New Alzheimer's drug rejected: is Nice being nasty?
Health watchdog has announced lecanemab will be denied to NHS patients on cost grounds
"I am personally familiar with the horrors of Alzheimer's," said Catherine Pepinster in The Daily Telegraph: it's a disease my mother suffered from. So I was delighted to hear last week that the first drug found to slow down the onset of the condition had been approved for use in the UK. No sooner had this good news emerged, though, than the health watchdog Nice announced that the drug would be denied to NHS patients on cost grounds.
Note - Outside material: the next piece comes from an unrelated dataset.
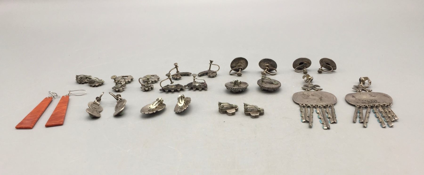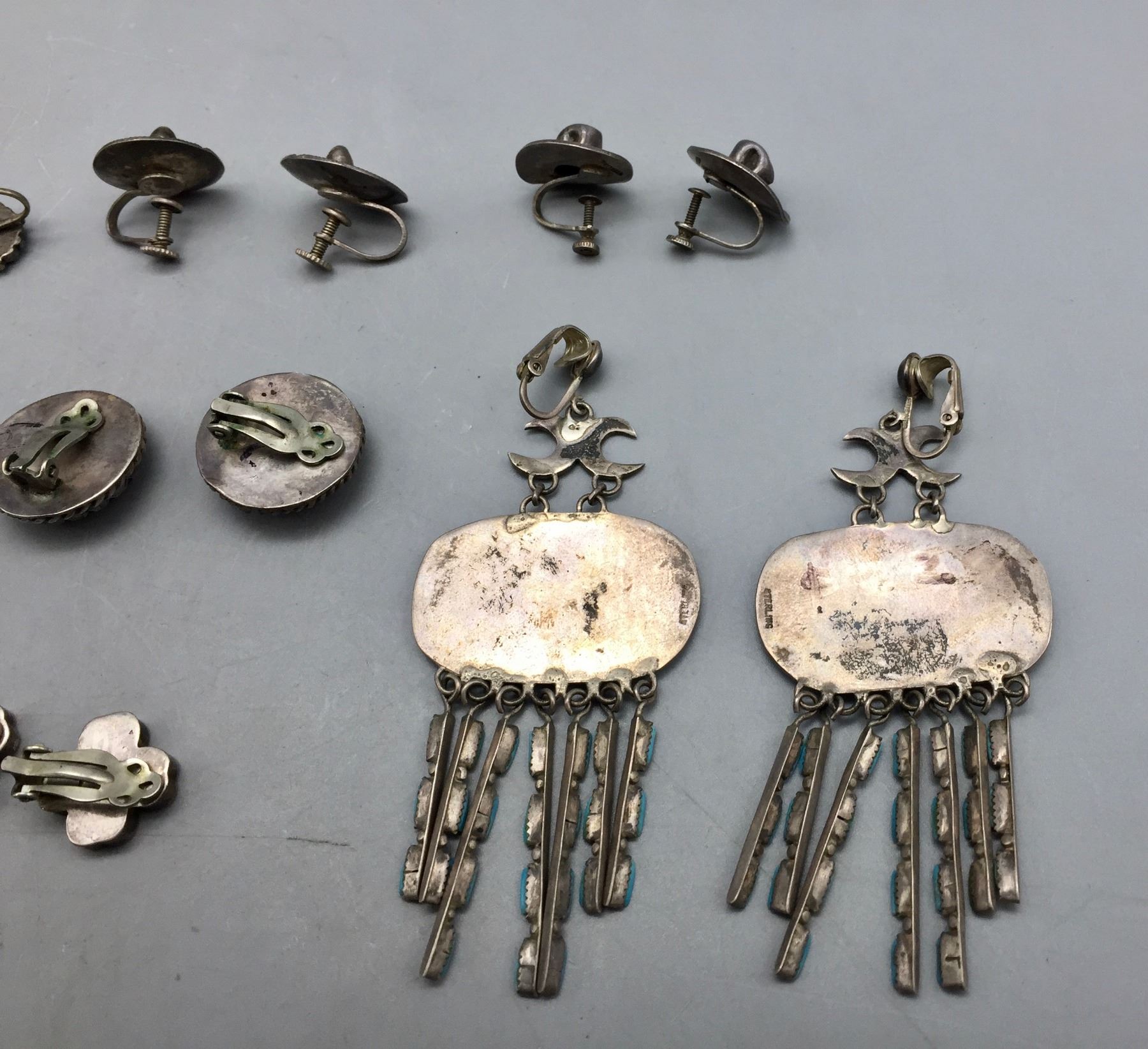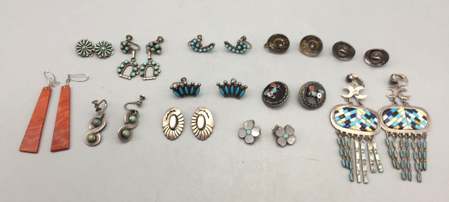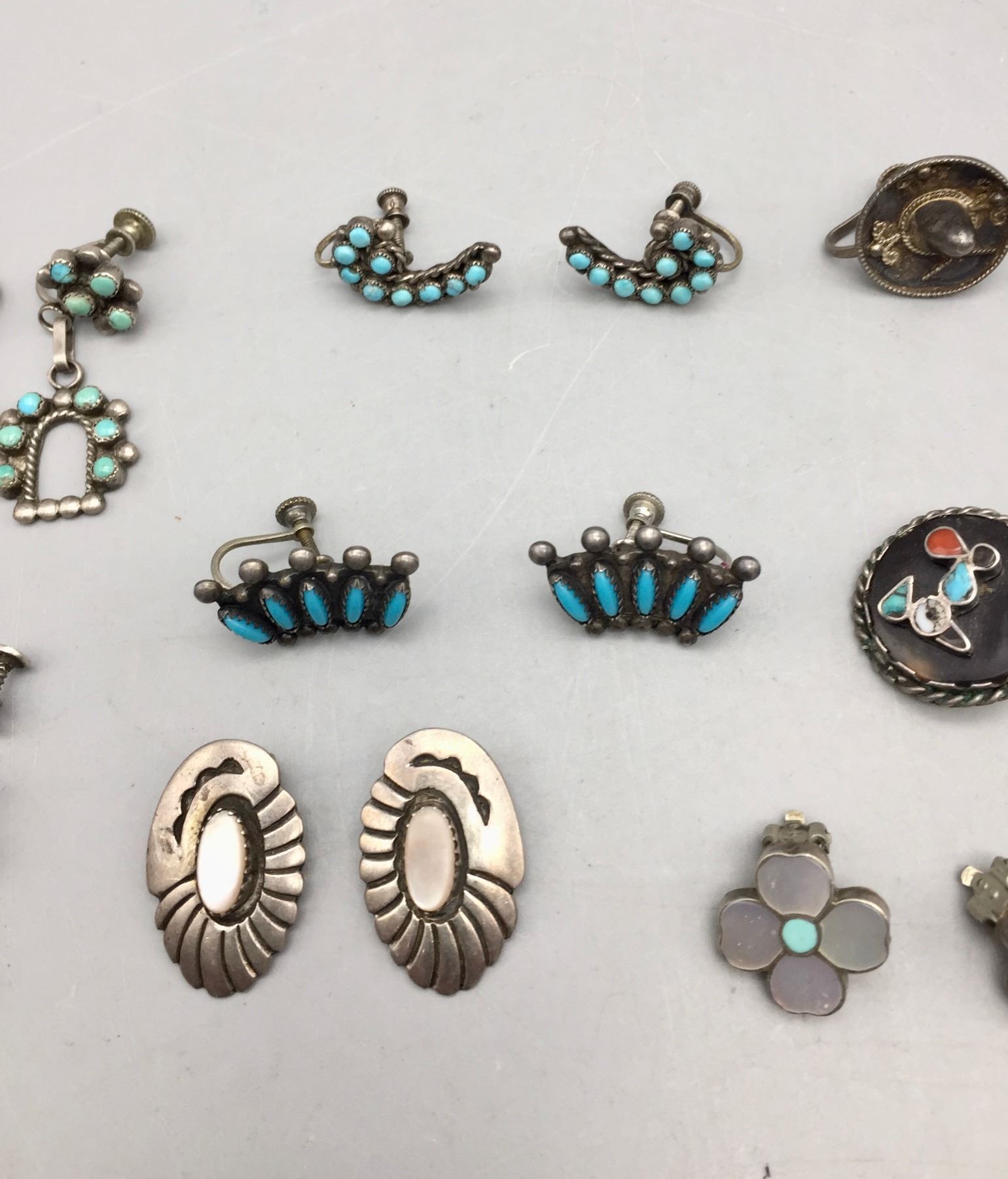 Description: Presented for sale in this lot is a group of 12 pair of earrings. Some feature turquoise and they are various styles. Take a look! Appear to be sterling silver where applicable. Maker: Various. Approx. Age: Vintage and modern. Size: Varies. Combined weight of 91.6 grams. Condition: Good for their age, normal wear expected. Please look closely at the pictures - they are an important part of our description. Shipping: There will be a $5 handling / packaging fee for shipping this lot. The actual cost of postage will be added on top of that.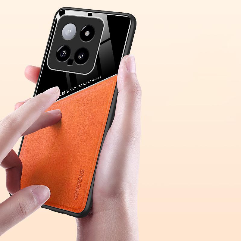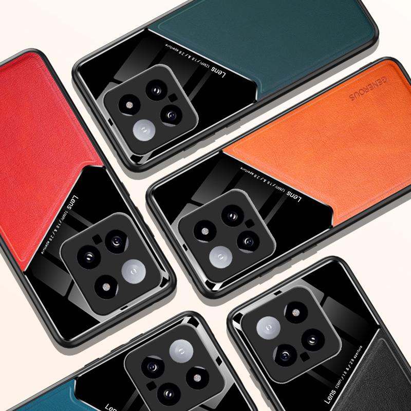 For Xiaomi 14 Cell Phone Case Anti-fall PU+TPU+PC Magnetic Car Mount Back Cover

Trials have shown that 70,000 people in England with early-stage Alzheimer's might have been eligible for treatment with lecanemab, the drug in question, at a cost of £30,000 a year per patient – adding up to a total potential bill of some £2.1bn. Granted, that's a lot of money, but the NHS spends more than three times as much each year treating obesity. "Expensive surgeries like gastric bypasses are not withheld from the morbidly overweight. So why is a drug that could transform elderly lives neglected?"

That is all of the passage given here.